- Directed by: Lee Cooper
- Produced by: Robert Thomas
- Starring: Faye Little Alicia Hammer Raymond North Daymon Gerard
- Cinematography: Alan Jolson
- Edited by: Robert Thomas
- Music by: Melvin Devil
- Release dates: January 11, 1976 (Waterloo, Iowa);
- Running time: 54 minutes
- Country: United States
- Language: English

= Wet Wilderness =

Wet Wilderness is a 1976 pornographic horror film directed by Lee Cooper and starring Faye Little, Alicia Hammer, Raymond North, and Daymon Gerard. It was produced by Robert Thomas.

== Plot ==

A mother, her son and daughter, and the daughter's girlfriend are out in the woods on a camping trip. While the mother and son head to a cabin, the daughter and her girlfriend go to a clearing, where they have sex. While the two women fornicate, they are happened upon by a machete-wielding man in an orange balaclava, who forces the two to perform various sexual acts on him, and each other. While her girlfriend is fellating the masked man, the daughter flees, with the man giving chase after he stabs the girlfriend in the crotch with his machete.

The man follows the daughter to the rest of the family, sexually abuses the mother, and forces the daughter to perform oral sex on her brother.
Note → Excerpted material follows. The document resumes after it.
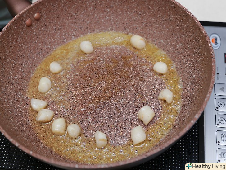 Викладіть гребінців на сковороду.викладайте їх від краю всередину по колу. Вони повинні розміститися досить вільно. Не переміщайте їх після того, як викладіть на сковороду.[7]- Викладайте гребінців від краю до центру сковороди. В цьому випадку Гребінці підсмажаться однорідно, оскільки в центрі вони готуються швидше.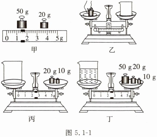 ,直至天平平衡。(6) 由图 5.1-1 丙、丁可知烧杯的质量为

After he sodomizes the mother, the man has her and her son copulate, and while he is distracted watching the two, the daughter makes a run for it. While stumbling through the woods, the daughter finds a man bound to a tree, and unties him after he says the masked man had captured him three days ago. Just as the daughter unleashes the man, the rapist (who has killed the son offscreen) appears with the mother in tow. The rapist makes the man, the daughter, and the mother have a threesome, then murders the man by striking him in the chest with an axe.

After he has the mother and daughter clean the dead man's blood off themselves, the rapist forces the two to perform oral sex on him. As her mother fellates the man, the daughter grabs his discarded machete, and castrates him with it (off screen).

== Cast ==

- Daymon Gerard
- Alicia Hammer
- Raymond North
- Faye Little

== Reception ==
Wet Wilderness was called "reprehensible in pretty much every possible way" by AV Maniacs, which also said the film's potentially offensive content was dulled by how inept and poorly acted it was. A score of seven out of ten was awarded by The Movies Made Me Do It, which concluded that Wet Wilderness was "not a masterpiece and it's not a perfect film even by the low standards of the genre, but it is an entertaining little flick that fans of this sort of trash will certainly enjoy".

== DVD release ==
Wet Wilderness was released on DVD in 2008 by After Hours Cinema, in a double feature with fellow "roughie" Come Deadly. The film was redubbed and given a new score for this release, as the original version made illegal use of music taken from both Psycho and Jaws.